We have split each line of text in English and Italian, apparently successfully, using one film and the English–Italian language pair as an example.

Now we will apply the same procedure to all films and collect everything into a DataFrame.

First, we will index all files corresponding to the English–Italian language pair.

In [None]:
subtitle_filename_pattern = re.compile(
    r"^(?P<movie>.+)_(?P<src>[a-z]{3})_(?P<tgt>[a-z]{3})\.txt$",
    re.IGNORECASE
)

In [None]:
def collect_bilingual_txt_paths(party_repository_root, source_language="eng", target_language="ita"):
    bilingual_txt_paths = []
    for movie_directory in party_repository_root.iterdir():
        if not movie_directory.is_dir():
            continue

        for file_path in movie_directory.iterdir():
            if not (file_path.is_file() and file_path.suffix.lower() == ".txt"):
                continue

            match = subtitle_filename_pattern.match(file_path.name)
            if match is None:
                continue

            if match.group("src").lower() == source_language and match.group("tgt").lower() == target_language:
                bilingual_txt_paths.append(file_path)

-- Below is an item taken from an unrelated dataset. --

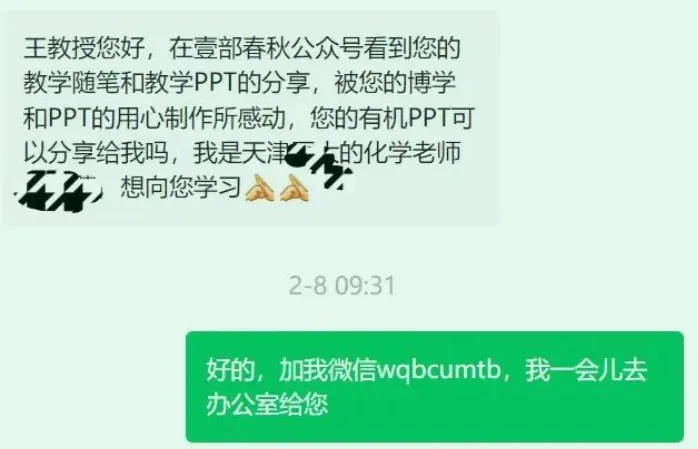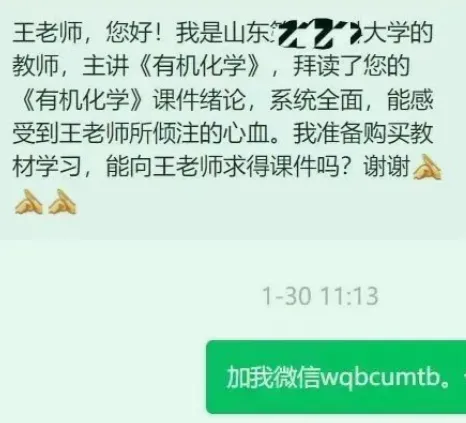 同学们终究要走出校门,到社会上去闯荡。情商高的人,与人沟通畅快,无疑得到的帮助和提携多一些,发展得也更快一些。 人与人之间的交往,说话(含留言)无疑是体现情商的一个重要方面,所谓“一句话惹人笑,一句话惹人跳”,也许是同样的意思,两种不同的语言表达,结果迥异。比如,有的同志要课件,私信留言就两个字“课件”,让人苦笑不得,就连最起码的尊重都看不到: 我们主编的《有机化学》教材及配套课件很受同行的喜爱,我们也很愿意与同行交流。但我们也想知道课件的相对准确的流向和希望得到大家在使用过程中的一些反馈,我想也无可厚非。有时对方私信索取课件,但询问对方的基本情况,或让对方加我微信好转发资料,却又如石沉大海,渺无音讯。很感慨人与人之间的信任如此之难。本教材的配套课件,用于同行之间的交流,也很希望能得到同行礼貌的认可和鼓励,更希望同行能积极反馈一些建议,有利于我们进一步完善这本书,打造经典的能源工科类有机化学教材。我们将继续对购买和使用我们教材的同行,在核实基本信息后提供课件。也希望同行多为我们公众号和教材的推广,点赞转发和推荐。附录1、【教学随笔】有机化学试题命制的几点体会(合集)

    return sorted(bilingual_txt_paths)

In [None]:
eng_ita_txt_paths = collect_bilingual_txt_paths(
    party_repository_root,
    source_language="eng",
    target_language="ita"
)

In [None]:
len(eng_ita_txt_paths), eng_ita_txt_paths

Ci sono solo 5 film eng-ita, allora vediamo le altre lingue.

In [None]:
subtitle_filename_pattern = re.compile(
    r"^(?P<movie>.+)_(?P<src>[a-z]{3})_(?P<tgt>[a-z]{3})\.txt$",
    re.IGNORECASE
)

In [None]:
def collect_all_eng_txt_paths(party_repository_root):
    eng_txt_paths = []
    for movie_directory in party_repository_root.iterdir():
        if not movie_directory.is_dir():
            continue
        for file_path in movie_directory.iterdir():
            if not (file_path.is_file() and file_path.suffix.lower() == ".txt"):
                continue
            match = subtitle_filename_pattern.match(file_path.name)
            if match and match.group("src").lower() == "eng":
                eng_txt_paths.append(file_path)
    return sorted(eng_txt_paths)

In [None]:
eng_all_txt_paths = collect_all_eng_txt_paths(party_repository_root)

In [None]:
len(eng_all_txt_paths), eng_all_txt_paths

Parse all files and concatenate the results

In [None]:
all_pairs_dfs = []

In [None]:
total_skipped_lines = 0

for txt_file_path in eng_all_txt_paths:
    subtitle_pairs_df, skipped_line_count = parse_bilingual_subtitle_txt_file(txt_file_path)
    all_pairs_dfs.append(subtitle_pairs_df)
    total_skipped_lines += skipped_line_count

In [None]:
full_subtitle_pairs_df = pd.concat(all_pairs_dfs, ignore_index = True)

In [None]:
full_subtitle_pairs_df.shape, full_subtitle_pairs_df["target_language"].nunique(), total_skipped_lines

There are 42 target languages, 30 discarded rows, and a total of 414,954 source–target language entries.

In [None]:
full_subtitle_pairs_df.columns

In [None]:
full_subtitle_pairs_df['source_language'].value_counts()

In [None]:
full_subtitle_pairs_df['target_language'].value_counts()

In [None]:
len(full_subtitle_pairs_df['target_language'].unique())

In [None]:
def build_similarity_pairs_multilingual(
    full_subtitle_pairs_df: pd.DataFrame,
    negatives_intra_movie: int = 1,
    negatives_cross_movie: int = 1,
    random_seed: int = 42,
    max_rows: int | None = None
) -> pd.DataFrame:
    rng = np.random.default_rng(random_seed)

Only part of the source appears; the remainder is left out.